8.17.2010

Waiting for my heart to start beating again.........

So. It's done. I've raised the prices in my Etsy shop. My palms are sweating - I can't even begin to describe how anxious I am but it had to be done. Before you go thinking I've developed some sort of huge ego, let me explain.........


In true "Kirstie" fashion, when I decided to go from hobbyist to artist, I did not plan carefully. I did not do my research. I just jumped in headfirst. Without a lifejacket. Needless to say, my pricing 'system' was a disaster. I wasn't accounting for the price of materials. I wasn't paying myself a dime. And I wasn't valuing my skills. Friends and family tried to tell me that my prices were too low but I was afraid. So my prices stayed 'as is' and every new piece was priced based on the prices I already had.

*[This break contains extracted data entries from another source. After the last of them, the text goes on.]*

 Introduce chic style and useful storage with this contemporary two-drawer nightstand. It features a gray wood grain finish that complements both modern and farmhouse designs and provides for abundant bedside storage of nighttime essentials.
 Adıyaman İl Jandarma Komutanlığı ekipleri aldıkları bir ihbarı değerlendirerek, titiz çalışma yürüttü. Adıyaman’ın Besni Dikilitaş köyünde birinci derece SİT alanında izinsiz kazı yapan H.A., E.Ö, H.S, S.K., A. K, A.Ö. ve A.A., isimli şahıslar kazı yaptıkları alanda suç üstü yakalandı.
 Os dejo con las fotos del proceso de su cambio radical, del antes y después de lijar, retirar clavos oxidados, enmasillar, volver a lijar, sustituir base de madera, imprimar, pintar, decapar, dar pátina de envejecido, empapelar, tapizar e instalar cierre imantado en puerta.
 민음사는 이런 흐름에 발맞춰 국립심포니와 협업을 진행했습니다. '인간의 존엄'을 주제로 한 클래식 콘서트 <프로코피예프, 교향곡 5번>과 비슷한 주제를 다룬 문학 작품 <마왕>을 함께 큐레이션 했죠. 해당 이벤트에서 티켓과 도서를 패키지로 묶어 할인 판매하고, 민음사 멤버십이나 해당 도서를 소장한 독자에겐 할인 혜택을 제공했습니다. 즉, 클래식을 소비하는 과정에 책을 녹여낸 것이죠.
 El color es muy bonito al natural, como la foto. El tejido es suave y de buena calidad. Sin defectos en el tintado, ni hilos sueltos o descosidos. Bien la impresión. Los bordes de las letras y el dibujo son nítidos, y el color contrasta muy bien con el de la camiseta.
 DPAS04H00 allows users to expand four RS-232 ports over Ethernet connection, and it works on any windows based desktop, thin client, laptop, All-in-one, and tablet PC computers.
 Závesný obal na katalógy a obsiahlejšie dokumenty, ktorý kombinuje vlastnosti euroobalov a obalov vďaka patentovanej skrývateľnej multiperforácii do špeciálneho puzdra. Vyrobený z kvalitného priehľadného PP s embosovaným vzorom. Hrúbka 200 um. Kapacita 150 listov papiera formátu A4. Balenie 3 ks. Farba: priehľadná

But now I'm ready to take my jewelry business to the next level. I love what I do and I want to do it full time. I want to contribute to my household. I want to make a difference for my family. I spent some time looking at other jewelry artists who are achieving various levels of success and determined where I want to be. I made some hard comparisons between my work and the work of those "successful" artists (in quotes because we all define it differently) who's genre I felt is similar to mine and I took notes - where do I fall short? what do I do better? And I also gave some serious contemplation to the notion of 'perceived value'. Believe me, this was not a quick and easy process - that's why you hadn't heard from me in so long! So here's what I've come up with:


  • my prices were not an accurate representation of my work's value;

  • I need to be proactive in the promotion of my work;

  • I need to find my niche and stick with it (it's SO MUCH FUN learning new techniques but I have to accept that it's not all 'me'; the pieces that sell the most are the designs that come from my heart & soul);

  • in keeping with the above statement, I need to let go of some of the lines that didn't necessarily work even if it means fewer items for sale; and

  • I've found that the artists I keep going back to, who's work so impresses me, are the ones I know something about so..........my blog won't always focus on "look what I did! look what I made!" Sometimes you might log on a read about my disaster of a day, something sweet my husband did or the hilarious statements that come out of my son's mouth. In other words, this blog will be me :-D

After saying all that, I realize that you guys haven't recently seen my reason for doing all this. Here's a pic of me, my husband Dana and my son Aidan - we took a quick trip to Cape Cod this summer to meet up with my sister and her family. This was Aidan's first 'beach vacation' and we had an awesome time!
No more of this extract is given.